Rep. Rob Bishop uses a common refrain for justifying his effort to exempt the military from periodic environmental reviews of a handful of its ranges located on public lands.

“This is the bottom line: Nothing ever changes,” he told the House Armed Services Committee last year.

The Utah Republican, who sits on Armed Services and heads the House Natural Resources Committee, says the Pentagon wastes millions of dollars on assessments of the ranges every 25 years just to maintain the status quo. But critics say Bishop’s proposed solution is unnecessary and actually would increase the military’s burden.

For two years running, Bishop has sparked controversy by trying to insert language into the National Defense Authorization Act that could allow the services to keep using public lands set aside for the military but without any Interior Department oversight.

The provision singles out the largest wildlife refuge in the Lower 48 states, the Desert National Wildlife Refuge in Nevada. The Air Force jointly manages roughly 850,000 acres of the Fish and Wildlife Service’s 1.6 million acres of sagebrush sprawl.

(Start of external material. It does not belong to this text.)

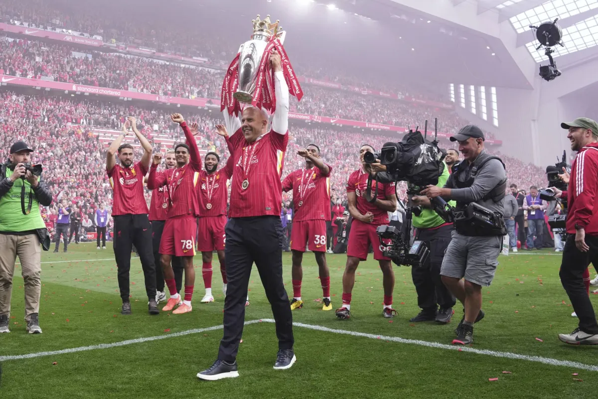 فاجأ المدير الفني الهولندي الجميع بفوزه بلقب الدوري الإنجليزي الممتاز في أول موسم له مع ليفربول. واجه سلوت مهمة شاقة عندما تولى قيادة الفريق خلفاً للمدير الفني الأسطوري يورغن كلوب، ولم يضم سوى فيديريكو كييزا، الذي لم يشارك في المباريات إلا نادراً. لم تشهد تشكيلة الفريق الكثير من التغييرات بالمقارنة بالعام السابق، باستثناء الاعتماد على رايان غرافينبيرتش في مركز لاعب خط الوسط المدافع، في الوقت الذي كان يسعى فيه ليفربول، بقيادة سلوت، لاستعادة الكرة في أسرع وقت ممكن. كانت مهمة خلافة كلوب في تدريب ليفربول تبدو شبه مستحيلة، لكن سلوت قدّم أداءً رائعاً جعلها تبدو سهلة، فقد ورث تشكيلة مشابهة لتشكيلة سلفه، واستمر في نهج اللعب القائم على الاستحواذ؛ ما مكَّنه من الظفر باللقب قبل أربع جولات من نهاية الموسم، ليعادل الرقم القياسي الذي حققه مانشستر يونايتد بالفوز بـ20 لقباً في الدوري الإنجليزي الممتاز.

Democrats and environmentalists say Bishop’s amendment would give the Air Force unfettered control over part of a refuge meant as protected habitat for bighorn sheep and endangered animals.

Bishop has consistently refuted those claims, saying he only wants to exempt the military from “silly” reviews of how the land is used. “The sad situation is nothing ever changes,” he told the House Armed Services Committee again this year.

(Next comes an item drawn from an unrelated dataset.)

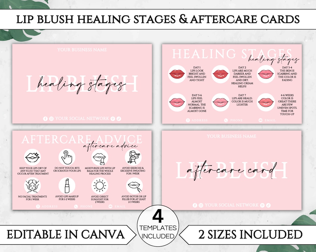 Lip Blush Healing Process and Aftercare Instruction Cards Etsy Lip Blush Aftercare Cards Editable lip blush aftercare cards, 4x6, lip contour aftercare template, pmu aftercare,lip tattoo aftercare, pink aftercare, best seller Check out our lip blush aftercare cards selection for the very best in unique or custom, handmade pieces from our templates shops. Super cute lip blush aftercare cards to give to your clients for them to take the best care of. Check. Lip Blush Aftercare Cards.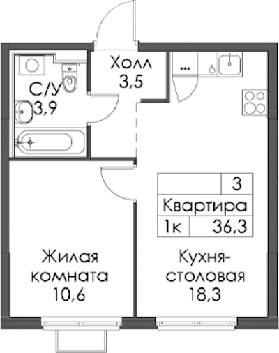 Однокомнатная квартира на 12-ом этаже 36,3 кв.м

Bishop’s claims about the assessments, however, do not hold up.

The Air Force took primary control of more than 100,000 acres of DNWR during the most recent assessment in 1999. The land is now a bombing range.

With the next review due to Congress by 2021, the Air Force is already eyeing construction of a radar and communications network in another section of the refuge, a designated wilderness study area.

Environmentalists say those facts, coupled with a close reading of Bishop’s amendment language, belie his true intentions.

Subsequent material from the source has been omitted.